This is crazy. I think your mum needs to get some therapy/counselling to enable her to set some boundaries with your brother.

This. After the police are called....

Pandalott · 04/04/2025 23:10

hiddensuffering · 31/03/2025 21:53

For those that think it’s not true. And this is tame😢

I have had messages like this from my son before. My son used to be a lovely kind boy untill he got in with the wrong people and started smoking weed. Now he speaks to me like that. It's absolutely awful I have no choice but to live with him as he's only a young teenager I just hope he will see sense one day as I miss who he used to be so much

Coolasfeck · 05/04/2025 07:49

Pandalott · 04/04/2025 23:10

I have had messages like this from my son before. My son used to be a lovely kind boy untill he got in with the wrong people and started smoking weed. Now he speaks to me like that.

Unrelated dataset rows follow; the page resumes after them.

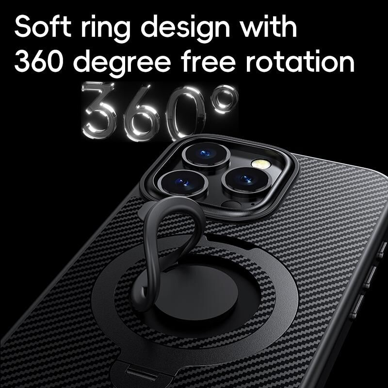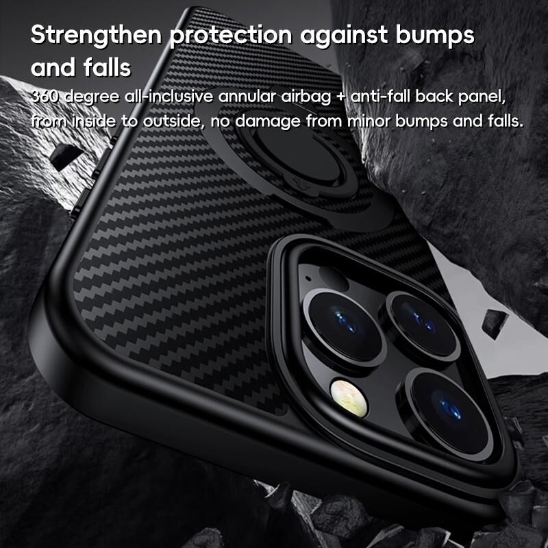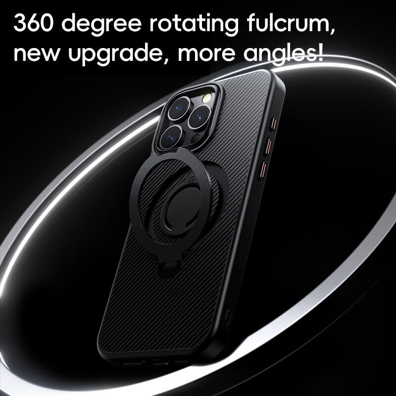 Θήκη τηλεφώνου MagSafe από ανθρακονήματα για iPhone 16 Pro Max με περιστρεφόμενη βάση 360 μοιρών (Μαύρο)
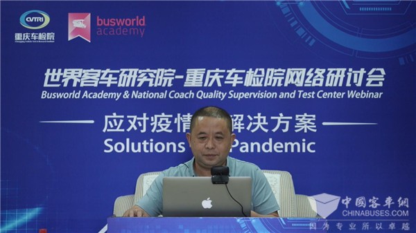 据完美作业网有免费视频报道,2020年8月11日下午,由世界客车研究院与重庆车检院联合举办的国际网络研讨会——应对疫情的解决方案成功举办。瑞典斯堪尼亚中国公司总裁何墨池、世界客车研究院主任让德曼、深圳巴士集团副总经理马正源、郑州宇通客车股份有限公司海外营销总监王文韬、国家客车质量监督检验中心主任(重庆车辆检测研究院有限公司总经理)刘昌仁出席网络研讨会。会议由全国公共交通学科首席科学传播专家王健主持。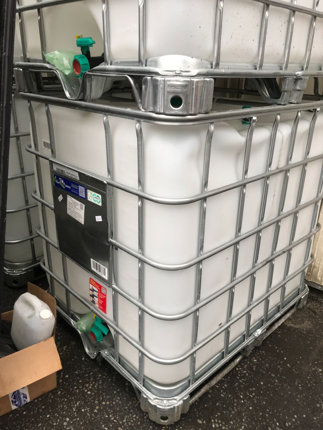 SCHUTZ FOOD GRADE 1000L PLASTIC COMMERCIAL METAL FRAMED LIQUID TRANSPORT PALLET ( WAS USED TO TRANSPORT SUNFLOWER OIL )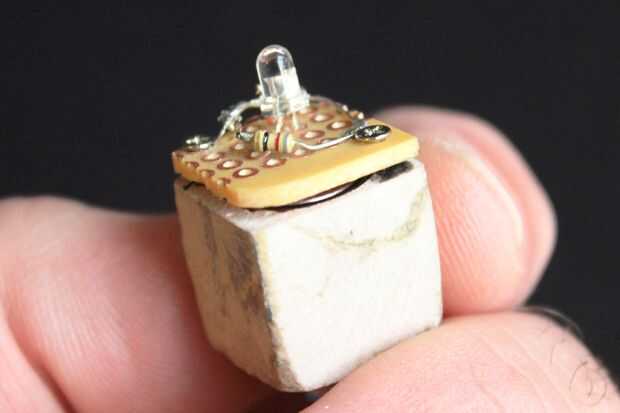 4. por último, soldar el LED a un pequeño trozo de placa de circuito y conectar el circuito. Yo 1'8 "agujeros en las dos esquinas perforados y usa los tornillos de la pulsera para fijar al bloque, en las pilas de su compartimiento.

It's absolutely awful I have no choice but to live with him as he's only a young teenager I just hope he will see sense one day as I miss who he used to be so much

My DB who also abuses my DM started smoking weed young too.

The authorities also really need to listen to parents who raise flags about their sons. Although my DM has chosen to keep it hidden as she doesn’t want DB to get into trouble, many many more parents do contact multiple agencies who barely act as they see it as a family dispute.

Nevertheless, many times these boys eventually take it out on the wider community. Look at Axel Rudukabana and Nicholas Prosper. These boys would have given their own parents and siblings hell before they murdered, and in both cases the families had previously sought help from the authorities and drawn blanks.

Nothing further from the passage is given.